## Source material
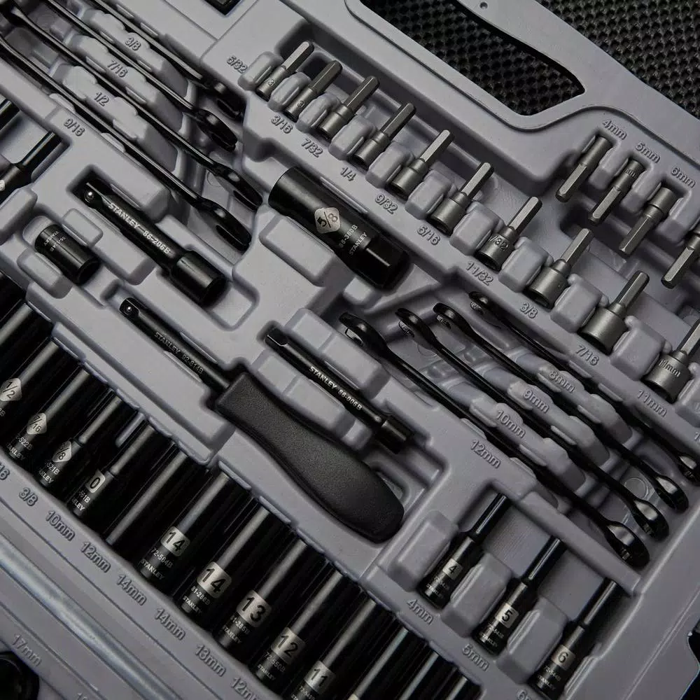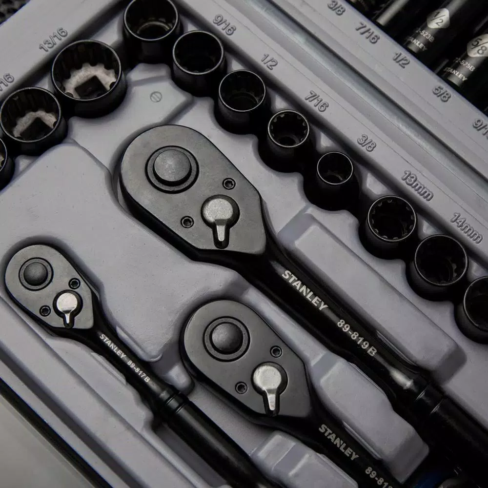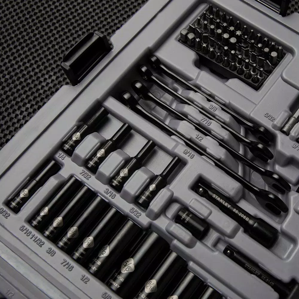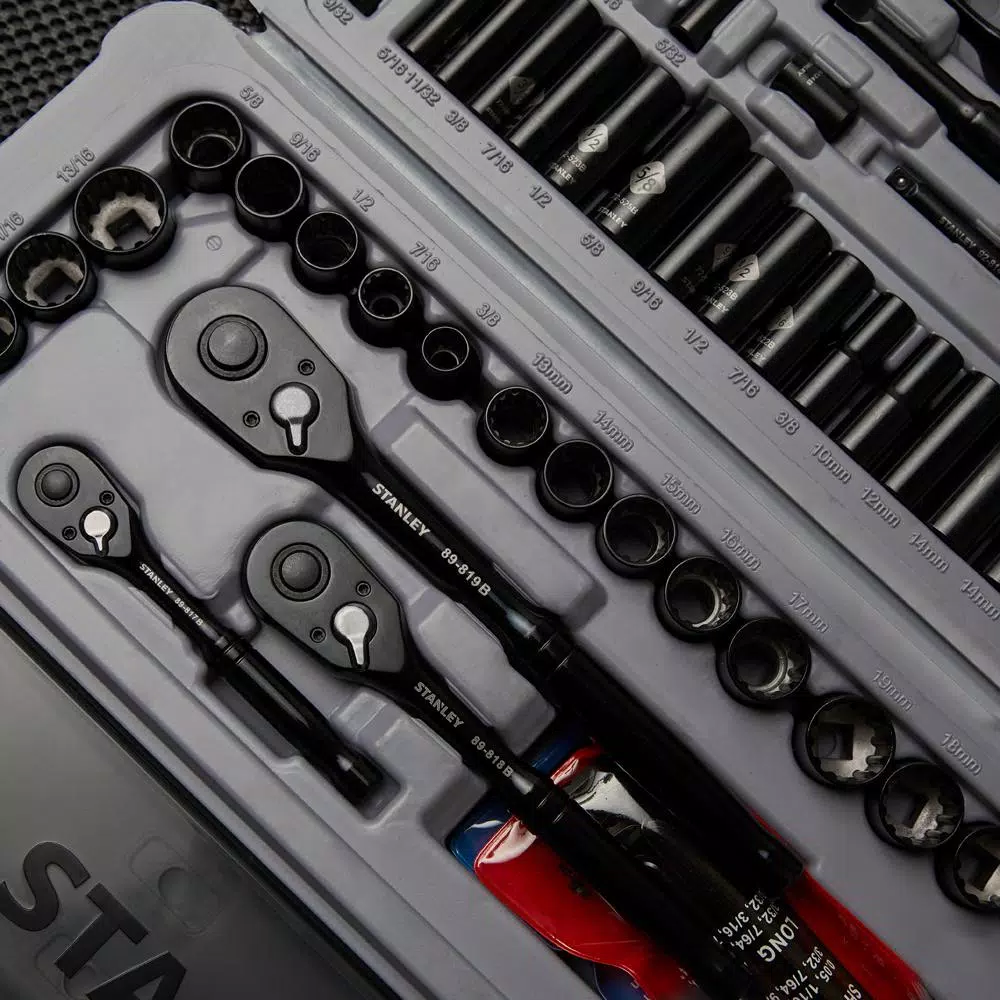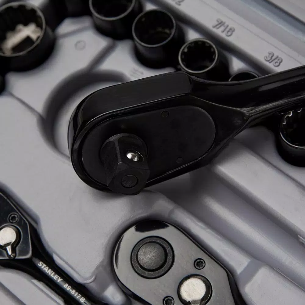 The STANLEY (R) 201 -piece. Mechanics Tool Set is a versatile set with its interior storage compartment for loose parts. The ratchet that is included has a quick release switch and reversible mechanism for easy operation. The included products have a black chrome finish to protect from corrosion.
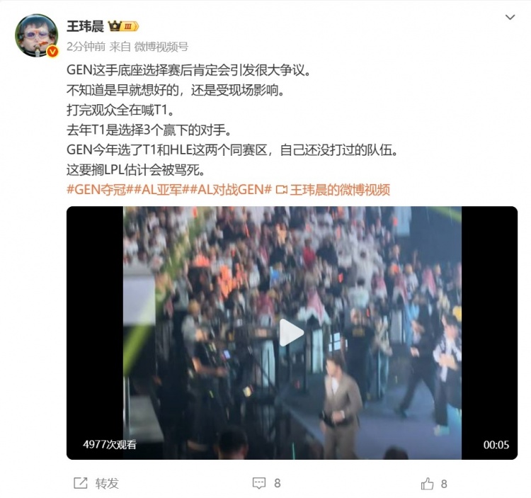 2025EWC英雄联盟项目决赛,GEN拒绝让二追三击败AGAL夺冠,赛后GEN选择AGAL、T1、HLE为底座,媒体人王玮晨锐评GEN把T1挡底座:争议很大搁LPL估计会被骂死。
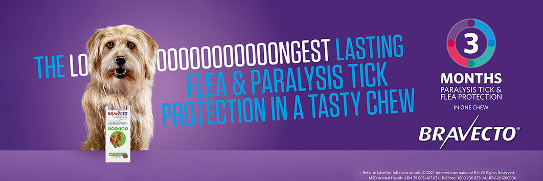 Bravecto Chews are a single dose, long-acting chewable flea and tick treatment for your dog.  Bravecto Chewable Tablets are now available in a 1 month formulation or a 3 month formulation. Choose the formulation that is most convenient and cost effective for you. Available in a range of different sizes to suit your canine friend.
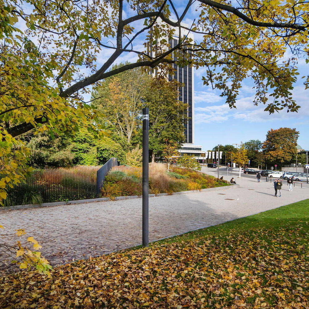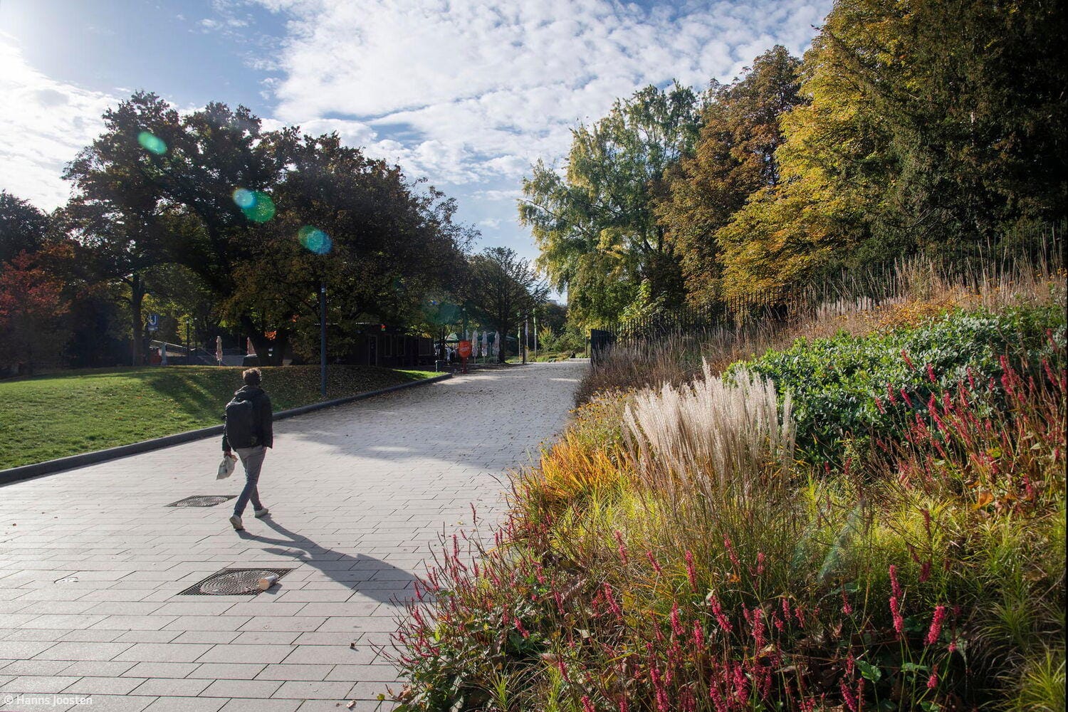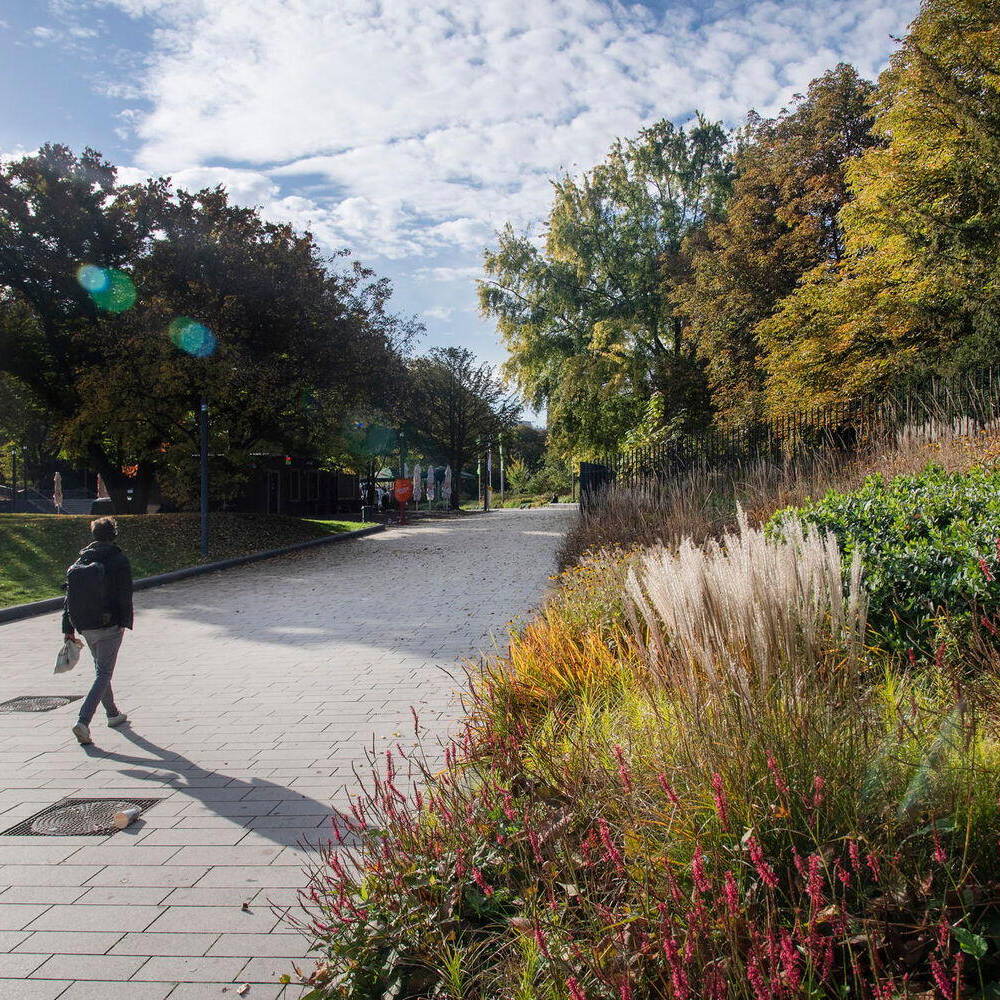 Dort, wo zuvor der dunkle Betontrog der vierspurigen Marseiller Straße die Parkanlage durchtrennt hatte, entstand eine Esplanade zum Flanieren – eine Abfolge heller, einladender Pflanzungen und Plätze, ergänzt durch einen Parkbalkon mit Blick über den neugestalteten Dag-Hammarskjöld-Platz, das neue, hell gepflasterte Vorzimmer zum Alten Botanischen Garten. Die früher dunkle und steinerne Atmosphäre wandelt sich durch sonnige, grüne Terrassen in einen Ort des Lichts und bildet so einen Auftakt nach Maß zu den neuen Parkeingängen und der Marseiller Esplanade. Die neu geschaffene Abfolge verschiedener Plätze und Grünbereiche, gepaart mit der Inszenierung neuer Sichtbeziehungen, formt die Einzelbereiche des Parks erstmalig zu einem harmonischen Ensemble, das mit dem Deutschen Landschaftsarchitektur Preis 2025 in der Kategorie „Pflanzenverwendung“ ausgezeichnet wurde.

## Work task
Once the line with "2025EWC英雄联盟项目决" is found, output it and every line after it through the end of the listing, exactly, without pictures.

## Exercise result
 2025EWC英雄联盟项目决赛,GEN拒绝让二追三击败AGAL夺冠,赛后GEN选择AGAL、T1、HLE为底座,媒体人王玮晨锐评GEN把T1挡底座:争议很大搁LPL估计会被骂死。
 Bravecto Chews are a single dose, long-acting chewable flea and tick treatment for your dog.  Bravecto Chewable Tablets are now available in a 1 month formulation or a 3 month formulation. Choose the formulation that is most convenient and cost effective for you. Available in a range of different sizes to suit your canine friend.
 Dort, wo zuvor der dunkle Betontrog der vierspurigen Marseiller Straße die Parkanlage durchtrennt hatte, entstand eine Esplanade zum Flanieren – eine Abfolge heller, einladender Pflanzungen und Plätze, ergänzt durch einen Parkbalkon mit Blick über den neugestalteten Dag-Hammarskjöld-Platz, das neue, hell gepflasterte Vorzimmer zum Alten Botanischen Garten. Die früher dunkle und steinerne Atmosphäre wandelt sich durch sonnige, grüne Terrassen in einen Ort des Lichts und bildet so einen Auftakt nach Maß zu den neuen Parkeingängen und der Marseiller Esplanade. Die neu geschaffene Abfolge verschiedener Plätze und Grünbereiche, gepaart mit der Inszenierung neuer Sichtbeziehungen, formt die Einzelbereiche des Parks erstmalig zu einem harmonischen Ensemble, das mit dem Deutschen Landschaftsarchitektur Preis 2025 in der Kategorie „Pflanzenverwendung“ ausgezeichnet wurde.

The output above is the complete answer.